**TASK TO CARRY OUT**
When you reproduce these records, keep every word exactly and drop the images.

**ENTRIES SHOWN**
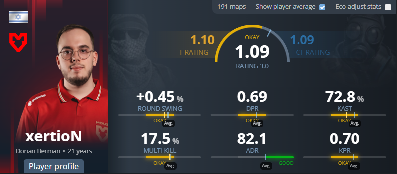 年仅21岁的他仍在不断进步。他的1.02 评级在重大赛事中以及与顶级对手的比赛中的表现突显了他的潜力和稳定性,正是这让他来到了这里。这条道路并非一帆风顺。决赛中的一些下滑和一些安静的线下比赛使他无法攀登更高的位置,但在高压情况下多次脱颖而出足以巩固他在前 20 名中的地位。
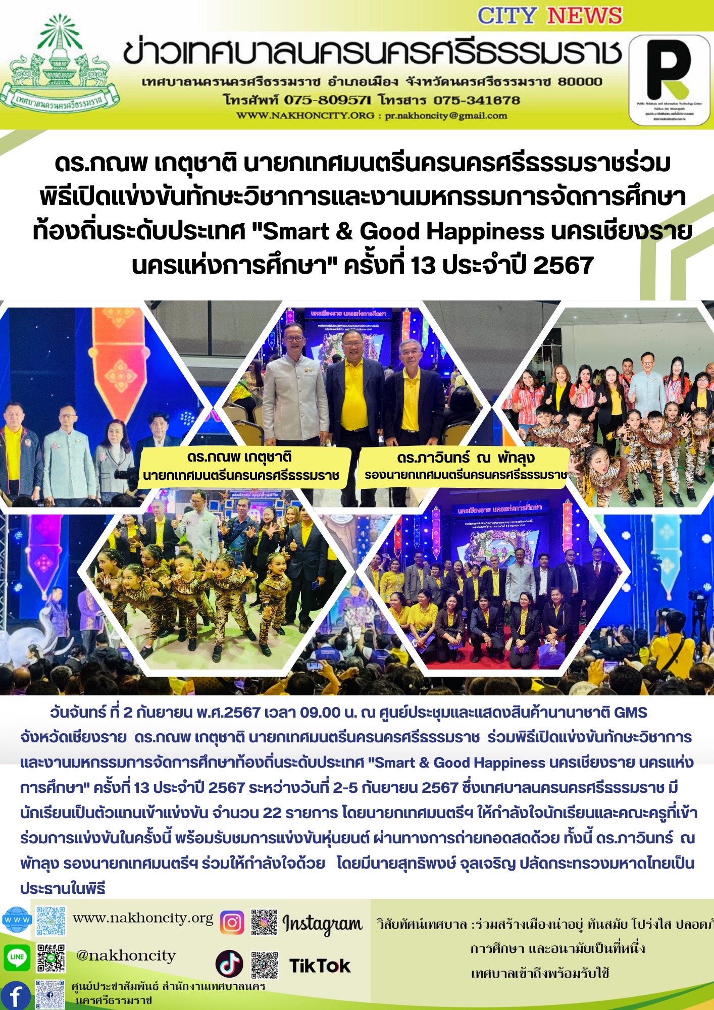 นายกเทศมนตรีนครนครศรีธรรมราชร่วมพิธีเปิดแข่งขันทักษะวิชาการและงานมหกรรมการจัดการศึกษาท้องถิ่นระดับประเทศ "Smart & Good Happiness นครเชียงราย นครแห่งการศึกษา" ครั้งที่ 13 ประจำปี 2567
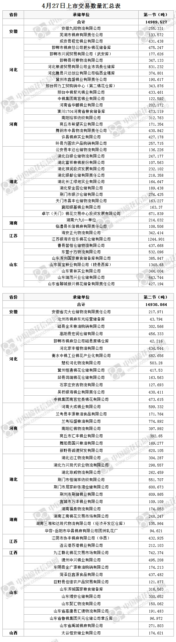 4月27日兩節(jié)共計輪出儲備棉29919.591噸。
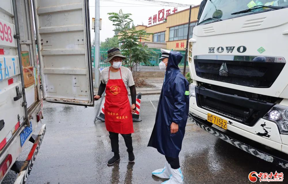 皋蘭公安民警在雨中堅守疫情防控卡口點,24小時不間斷對出入車輛和人員進行檢查。皋蘭縣局 黃曉琴/攝
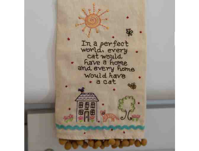This beautiful Linen Hand Towel makes an awesome gift! It's embroidered with a sweet sentiment and colorful design, accented with fun pom pom trim! A heart-warming addition to any kitchen or powder room, but it's so awesome, you might want to stretch and frame it instead.
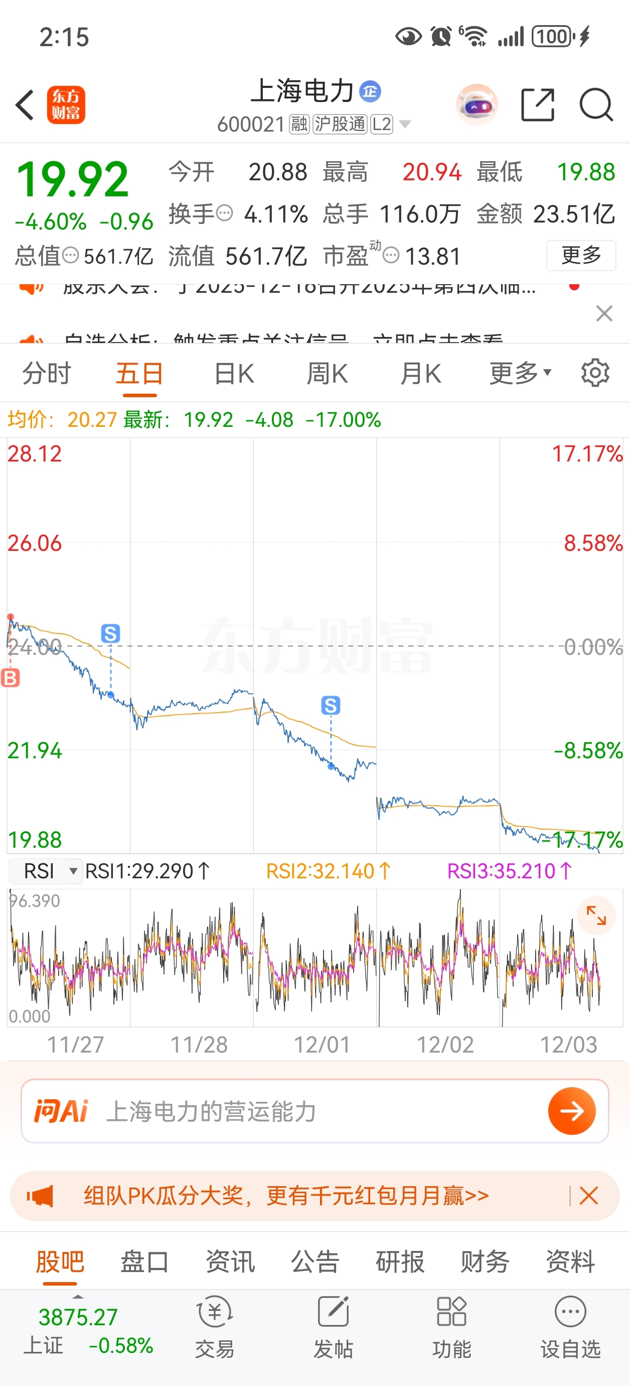 $上海电力(SH600021)$ 亏几千割了,有时候狠心也是好事。看着它这样跌,散户真的太惨了
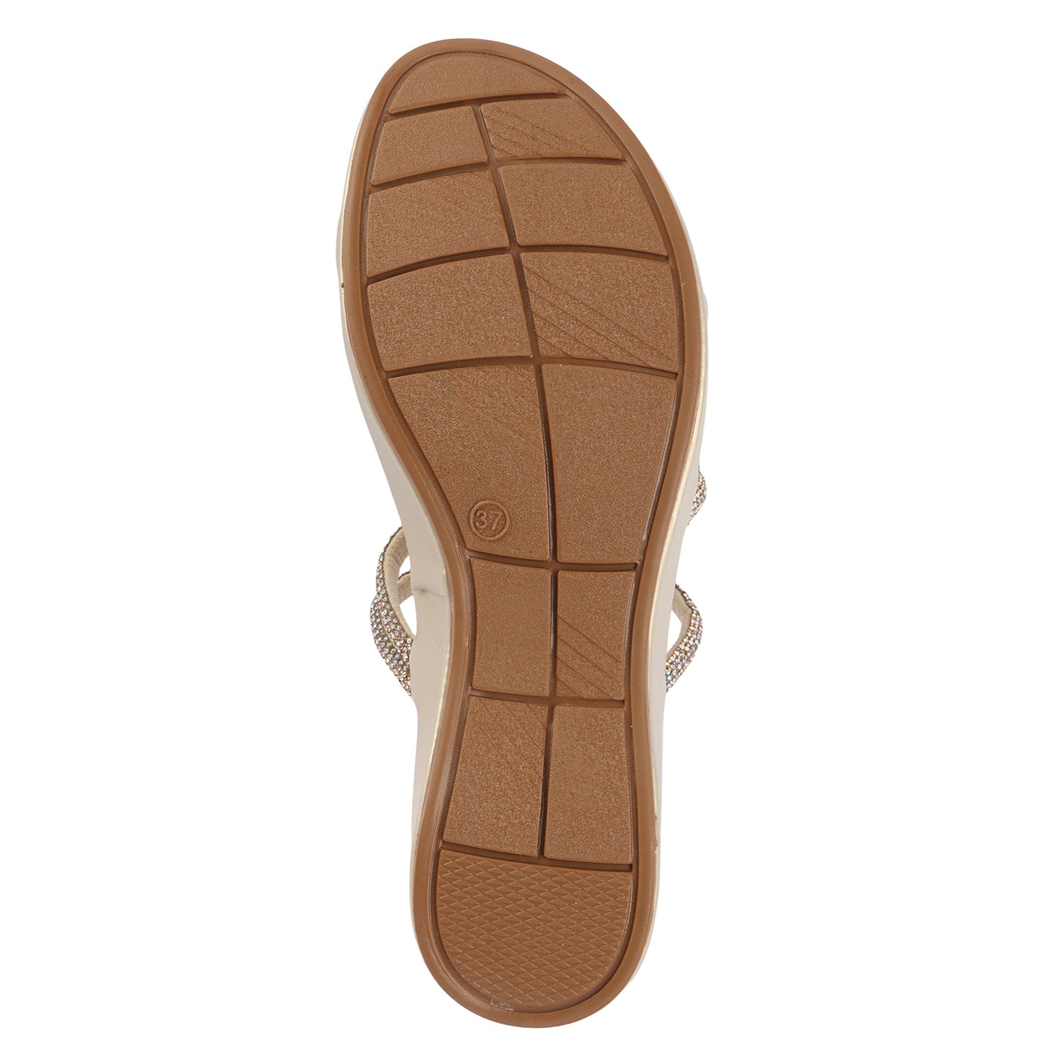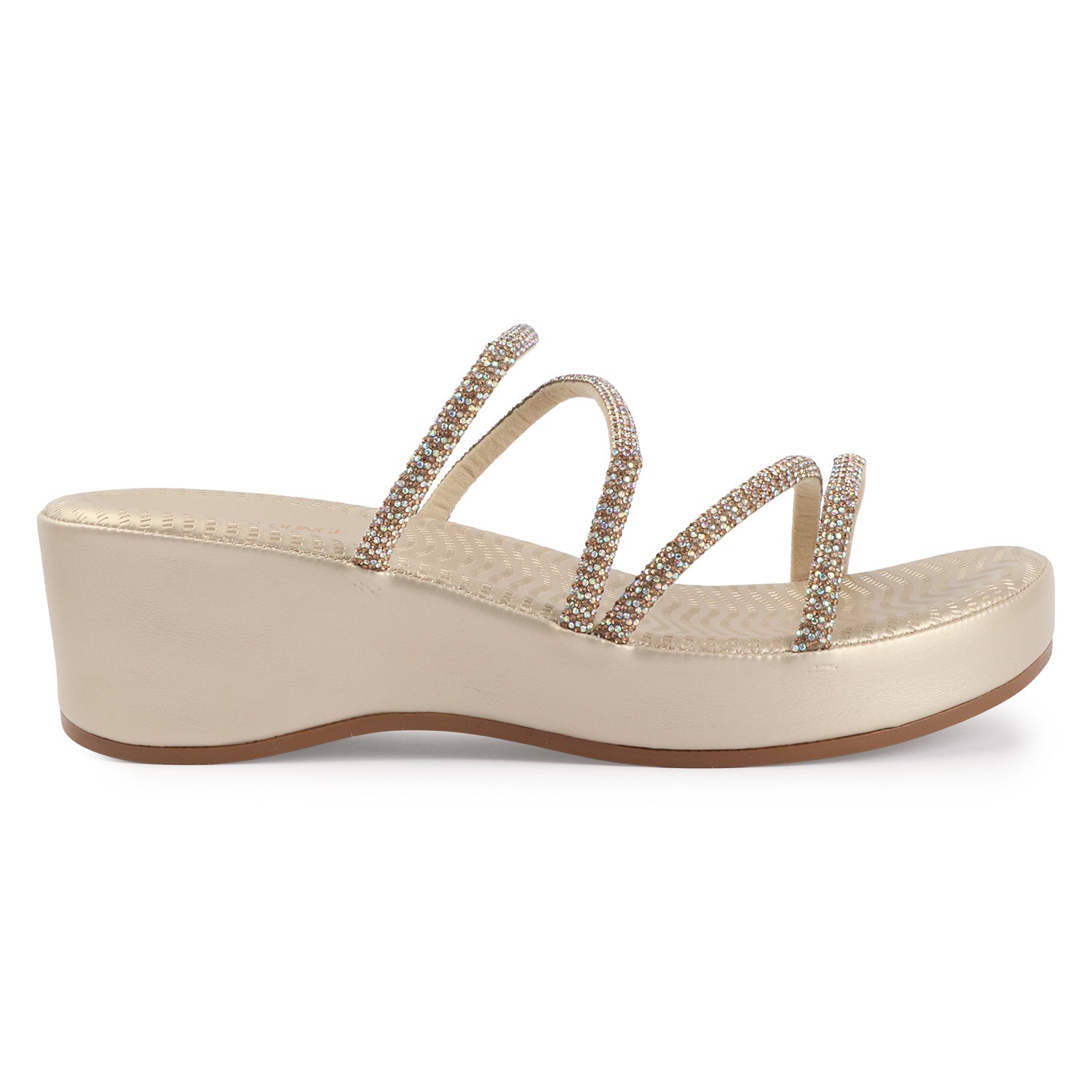 Add subtle glamour to your everyday and festive wardrobe with these crystal strap wedge sandals. Designed with delicately embellished straps and a softly cushioned footbed, this pair offers a perfect balance of elegance and comfort. The lightweight wedge sole provides effortless height and stability, making them ideal for long hours at celebrations, brunches, or evening outings.
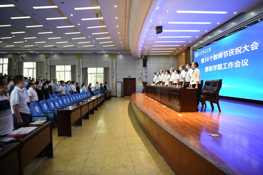 (通讯员 许京生)为表彰在教育教学工作中涌现出的先进个人,营造尊师重教的良好氛围,进一步激发广大教师的使命担当,9月10日上午,我校在行政楼学术报告厅召开第36个教师节庆祝大会暨新学期工作会议。校领导张惠贞、王召东、许朝民、王靖、贺国营、杨风岭、刘守勇、宿金勇、周颖杰、吴晓红、陈松涛出席大会并为受表彰的先进个人颁奖。学校副科级以上干部、受表彰优秀个人等400余人参加会议。会议由党委副书记、工会主席许朝民主持。
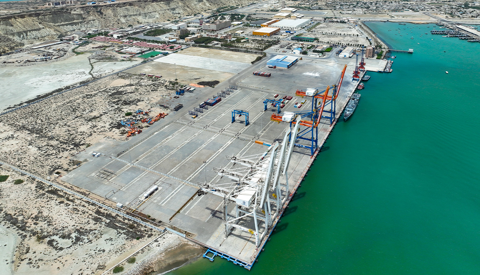 项目位于巴基斯坦俾路支省瓜达尔市,主要建设内容包括三个泊位兼顾滚装的多用途码头。设计吞吐量为10万TEU /年、杂货散粮72万吨/年。码头结构按5万吨集装箱船设计,总长度为702米,采用高桩预应力梁板结构。该项目是中国援建项目中规模最大、意义最深远的港口项目,荣获2009年中国建设工程鲁班奖(境外工程)。
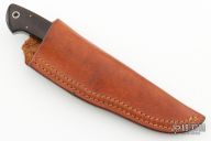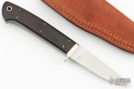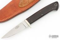 This Utility Hunter by Corbit Sigman features a satin finished blade with a full tapered tang construction, .104" blade stock and .785" blade depth. The handle has a nickel silver guard with cocobolo scales and nickel silver pins. Includes a brown leather sheath. Has a couple small rust spots on the blade, otherwise good condition.

**ANSWER TO THIS PROBLEM**
 年仅21岁的他仍在不断进步。他的1.02 评级在重大赛事中以及与顶级对手的比赛中的表现突显了他的潜力和稳定性,正是这让他来到了这里。这条道路并非一帆风顺。决赛中的一些下滑和一些安静的线下比赛使他无法攀登更高的位置,但在高压情况下多次脱颖而出足以巩固他在前 20 名中的地位。
 นายกเทศมนตรีนครนครศรีธรรมราชร่วมพิธีเปิดแข่งขันทักษะวิชาการและงานมหกรรมการจัดการศึกษาท้องถิ่นระดับประเทศ "Smart & Good Happiness นครเชียงราย นครแห่งการศึกษา" ครั้งที่ 13 ประจำปี 2567
 4月27日兩節(jié)共計輪出儲備棉29919.591噸。
 皋蘭公安民警在雨中堅守疫情防控卡口點,24小時不間斷對出入車輛和人員進行檢查。皋蘭縣局 黃曉琴/攝
This beautiful Linen Hand Towel makes an awesome gift! It's embroidered with a sweet sentiment and colorful design, accented with fun pom pom trim! A heart-warming addition to any kitchen or powder room, but it's so awesome, you might want to stretch and frame it instead.
 $上海电力(SH600021)$ 亏几千割了,有时候狠心也是好事。看着它这样跌,散户真的太惨了
 Add subtle glamour to your everyday and festive wardrobe with these crystal strap wedge sandals. Designed with delicately embellished straps and a softly cushioned footbed, this pair offers a perfect balance of elegance and comfort. The lightweight wedge sole provides effortless height and stability, making them ideal for long hours at celebrations, brunches, or evening outings.
 (通讯员 许京生)为表彰在教育教学工作中涌现出的先进个人,营造尊师重教的良好氛围,进一步激发广大教师的使命担当,9月10日上午,我校在行政楼学术报告厅召开第36个教师节庆祝大会暨新学期工作会议。校领导张惠贞、王召东、许朝民、王靖、贺国营、杨风岭、刘守勇、宿金勇、周颖杰、吴晓红、陈松涛出席大会并为受表彰的先进个人颁奖。学校副科级以上干部、受表彰优秀个人等400余人参加会议。会议由党委副书记、工会主席许朝民主持。
 项目位于巴基斯坦俾路支省瓜达尔市,主要建设内容包括三个泊位兼顾滚装的多用途码头。设计吞吐量为10万TEU /年、杂货散粮72万吨/年。码头结构按5万吨集装箱船设计,总长度为702米,采用高桩预应力梁板结构。该项目是中国援建项目中规模最大、意义最深远的港口项目,荣获2009年中国建设工程鲁班奖(境外工程)。
 This Utility Hunter by Corbit Sigman features a satin finished blade with a full tapered tang construction, .104" blade stock and .785" blade depth. The handle has a nickel silver guard with cocobolo scales and nickel silver pins. Includes a brown leather sheath. Has a couple small rust spots on the blade, otherwise good condition.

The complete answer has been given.